We feel unseen sometimes too, don't we? In that place, in the plodding forward of days and time and work...does anyone notice that we haven't showered or brushed our hair or changed our clothes or manicured our eyebrows? As women, as the multitaskers of the human race, we just move forward and keep DOING ten things at once, and then ten new things, and then more...and our minds are whirring through all the things still to come...and I swear if I locked myself in a room that no one used but me (so, the laundry room, am I right?) the first creature to notice I was missing would be the first creature who went hunting for something I regularly kept supplied that had suddenly run dry. My husband would wonder where his clean underwear were. Or my daughter would be out of her special, lactose free coffee creamer. Or the dogs would have an empty water bowl. Or one of my sons would not understand why his iPad was mostly dead and sticking between the couch cushions rather than waiting, plugged in and fully charged, on the counter, like it usually was every day. Or there would be no pop tarts when the pantry was opened. No neatly straightened sheets and blankets when they went to crawl in bed. No extra rolls of toilet paper waiting nearby when they sat down without checking the current status of the holder. No bills paid. Or dentist appointments scheduled. No one else in the whole house who knew where to find the thermometer or the Tylenol or the bandaids or the broom or the laundry room where I was hiding.

SO much of what we do is unseen, unless its left undone. Our work goes unnoticed, while our lack of work is a pain clearly felt.
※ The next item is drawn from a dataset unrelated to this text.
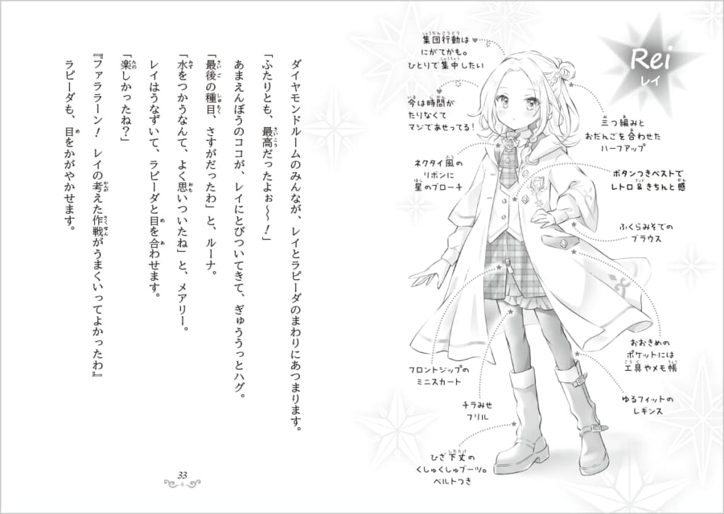 「主人公のレイは自分の価値観や世界観をしっかり持っていて、運動も勉強も器用にできる子。一見クールでとっつきにくそうだけど、距離感をうまくとれば仲良くなれそう。変に踏みこみすぎてしまうと嫌われてしまいそうなタイプです。なんでもできるけど、それを自慢したいわけではないので、仕草などは、はつらつすぎず凛とした感じをめざしました」

Not all the time, obviously, and lest you think I am complaining...I am not. I am simply pondering on all that my own current life season requires of me, and wondering how much of it I will notice has changed as years go on. And will anyone else see?

So, this Mother's Day, my 19th celebration as a mother, I want to remind all the ladies out there, whatever your status, of something the Holy Spirit whispered to me in the quiet of my home today.

Our God sees us.

In His Word, He tells us it's one of His names. "The God who sees..." You know who first calls Him by that name? A mother. (It's in Genesis 16, if you want to go read it for yourself.) 
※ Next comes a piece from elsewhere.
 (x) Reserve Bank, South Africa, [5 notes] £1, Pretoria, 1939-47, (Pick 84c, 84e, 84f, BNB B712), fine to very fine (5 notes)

I'm so glad, so grateful, that He sees me today. That He saw me when I was awake at 2 a.m. with a baby. That He sees me in 10 years, with no children at home anymore.

Being SEEN by HIM and KNOWN by Him...it's life, isn't it?

For all who were up all night with a baby...
For all who are empty nesting...
For all who long to be mothers...
For all who have lost their moms...
For all who have lost children...

For the ones drowning in laundry...
For the ones paralyzed by loneliness...
For the ones who feel overwhelmingly blessed and happy...
For the ones who feel only pain and longing...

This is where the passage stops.